Tuesday, August 10, 2010

Bob Rae comes to North Vancouver: some thoughts

Bob Rae came to North Vancouver yesterday. Unfortunately I came late and so missed his opening talk. I was there for some of the question period though.

First thing I took note of is just how patient Rae is. Not every question asked of him made sense. Others were not questions at all but short editorials. Finally, most questions were buried in lengthy preambles. Still, Rae was polite to a fault, responded to each in timely manner and at length and he was never short or cutting. In other words, Rae not only has the gift of the gab he also knows how to listen and how to make people feel listened too.

That said, even Rae can not turn lead into gold. When someone asked him just what the Liberal party stood for his response was less than satisfactory. He said that Liberals were committed to enshrining good parliamentary process into law and enacting legislation that would protect institutions such as Stats Canada and elections Canada from an overly aggressive PMO. I could not agree more and think level headed people of all political stripes would feel this same. However, this is a far cry from "just society".

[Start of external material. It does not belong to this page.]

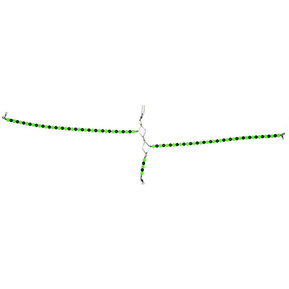 A boat boom that is suited to targeting bottom-dwelling fish. Designed to be used predominantly when drift fishing from a boat, the two booms keep two hook snoods away from each other and fishing in a straight line either side of the weight. The series of green and black beads add visual attraction, which is essential when targeting inquisitive flatfish such as plaice. Two small swivels on either end of the booms are ideal for clipping on hook lengths, giving the angler the option to quickly change snoods as they see fit depending on the situation. These spreaders are fantastic when fishing for plaice, in conjunction with snoods that have been dressed in beads and blades. Spreaders are also useful when targeting smaller species with finer snoods and hooks, such as dragonets.

The other pillars mentioned by Rae were sustainability and early childhood education. The problem with the former is that it is so nebulous that it is hard to see why anyone -- even the Conservatives -- could not claim to be committed to sustainability. As for the later, it is politically useless. For the vast majority of Canadians, the Liberal promise to work out a different deal with each province amounts to little more than a vague promise to provide more daycare sometime in the future. Canadians could not figure out what this would mean for their lives in 2006 and not surprisingly they preferred the Conservative baby bonus. Nothing has changed.

In order for the Liberals to capitalize on the issue they need make a clear offer to Canadian voters. They could, for example, offer all day preschool and kindergarten for every kid in Canada. That would garner them votes and provide them with the option of juxtaposing such a policy with the Conservative plan to build more prisons.

Speaking of prisons, someone asked Rae what the Liberals planed to do about the biggest mass murder in the world --- "drugs". As I mentioned before, some questions could have been worded better. Anyway, Rae said that diseases associated with poverty were a bigger killer and then went on to question the wisdom of Harper's war on drugs. He said that addiction is better thought of as a medical issue and not criminal one. This is fine as far as it goes, but other than Insite, he did not mention anything specific and he did not deal with Ignatieff's worries about "marijuana cigarettes" or how Liberals have supported every Conservative crime bill since Ignatieff came on as leader. Later that night, I remembered his hollow answer as I watched a CBC story about California's November referendum on whether to legalize marijuana and read that former Mexican President Vincent Fox said that all drugs should be legalized.